§ **Given data**:

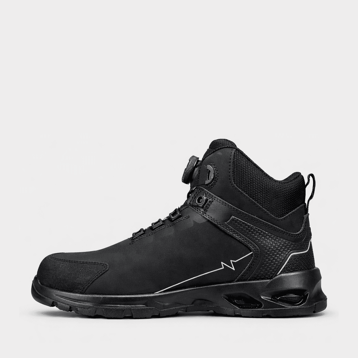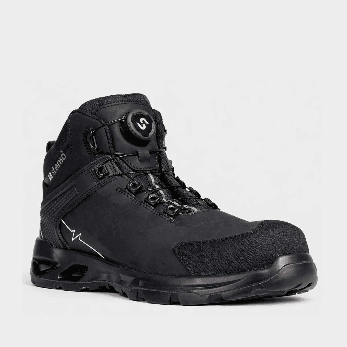 Modern Stenso safety boots designed for high performance and protection in demanding work environments. Ideal for professional use in construction, industry, and logistics. They feature a contemporary look, high safety level, and an automatic lacing system for easy on/off with a single twist.
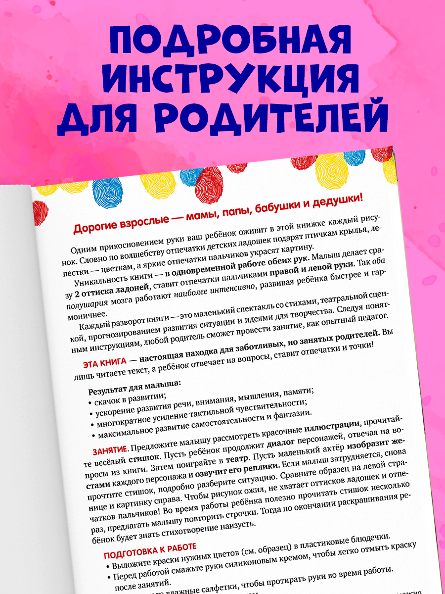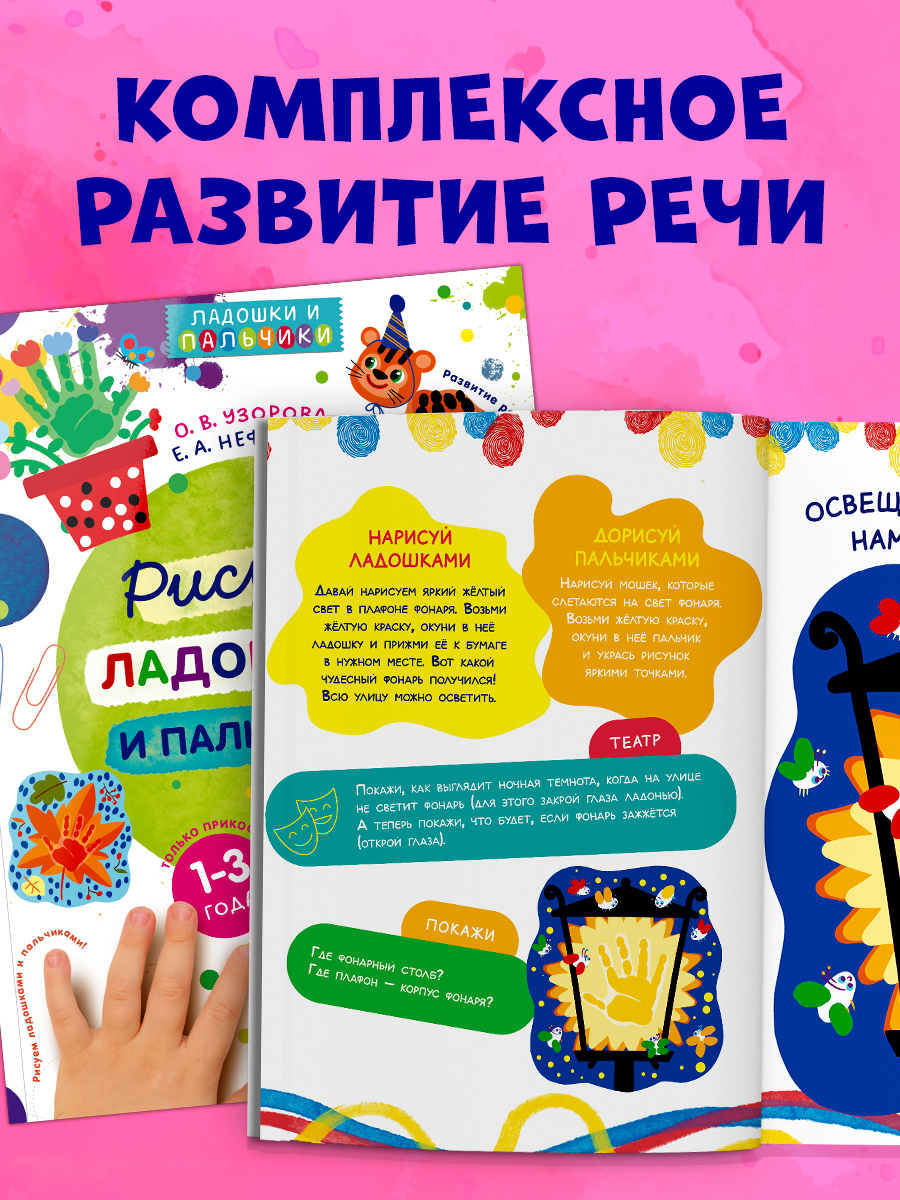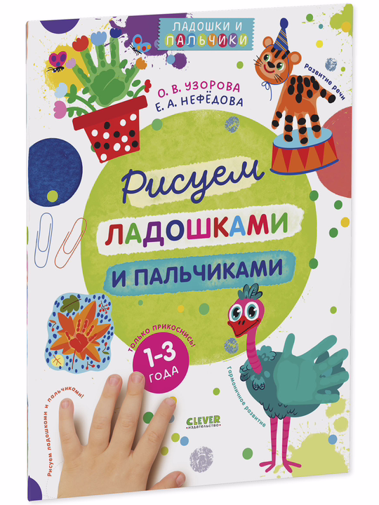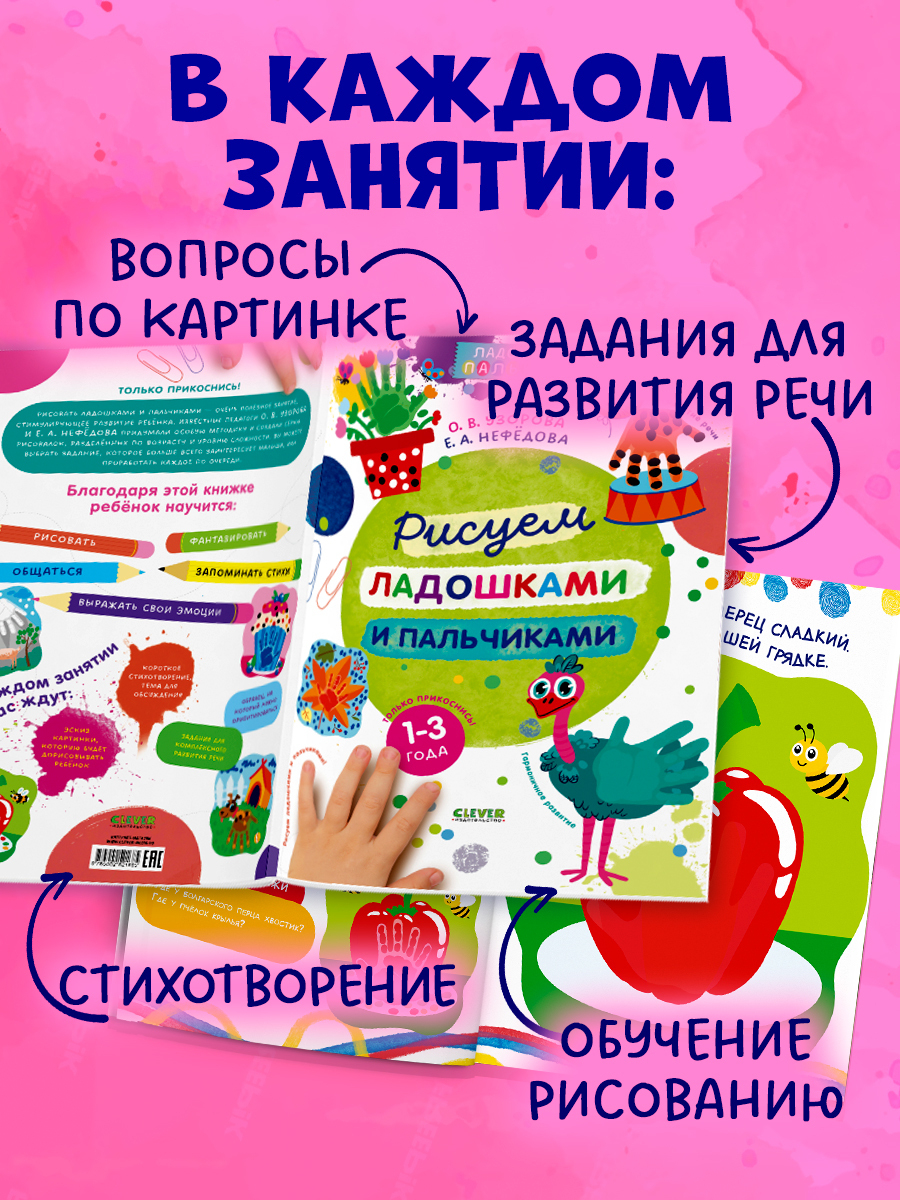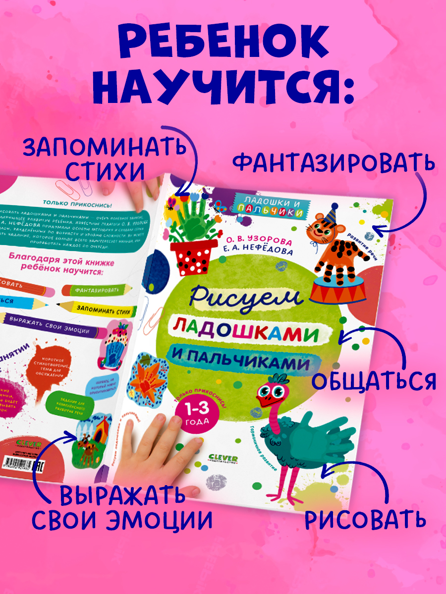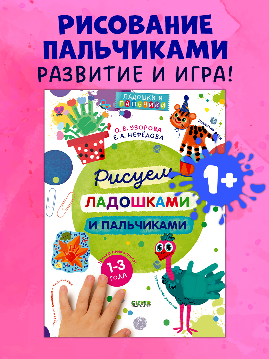Рисовать ладошками и пальчиками – очень полезное занятие, стимулирующее развитие мелкой моторики. Известные педагоги О. В. Узорова и Е. А. Нефедова придумали особую методику и создали серию рисовалок. Вы можете выбрать задание, которое больше всего заинтересует малыша, или проработать все по очереди. Каждый разворот в книжке – это полноценное занятие по рисованию и для комплексного развития. За одно занятие по книге "Рисуем ладошками и пальчиками. 1–3 года" ребенок дорисует эскиз картинки, выучит короткое ритмичное стихотворение.
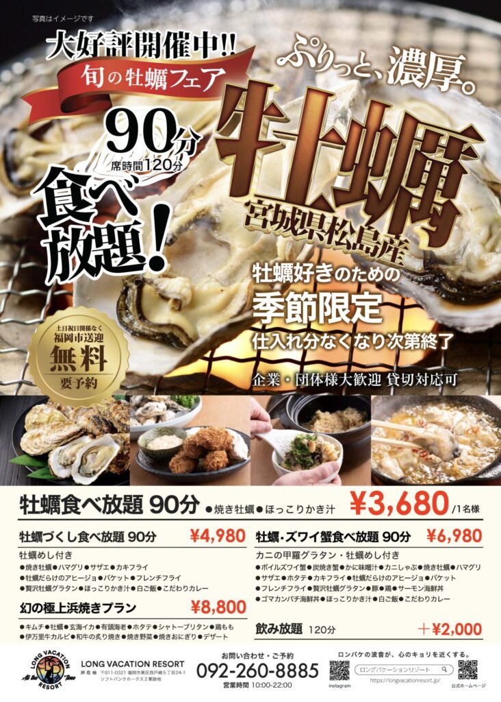 焼き牡蠣はもちろん、牡蠣料理も揃えた“牡蠣好きのための季節限定”フェアです。※仕入れ分なくなり次第終了/食べ放題90分(席時間120分)

§ **Work order**: Word for word, reproduce all of the data, but keep out the pictures.

§ **Your response**:
 Modern Stenso safety boots designed for high performance and protection in demanding work environments. Ideal for professional use in construction, industry, and logistics. They feature a contemporary look, high safety level, and an automatic lacing system for easy on/off with a single twist.
Рисовать ладошками и пальчиками – очень полезное занятие, стимулирующее развитие мелкой моторики. Известные педагоги О. В. Узорова и Е. А. Нефедова придумали особую методику и создали серию рисовалок. Вы можете выбрать задание, которое больше всего заинтересует малыша, или проработать все по очереди. Каждый разворот в книжке – это полноценное занятие по рисованию и для комплексного развития. За одно занятие по книге "Рисуем ладошками и пальчиками. 1–3 года" ребенок дорисует эскиз картинки, выучит короткое ритмичное стихотворение.
 焼き牡蠣はもちろん、牡蠣料理も揃えた“牡蠣好きのための季節限定”フェアです。※仕入れ分なくなり次第終了/食べ放題90分(席時間120分)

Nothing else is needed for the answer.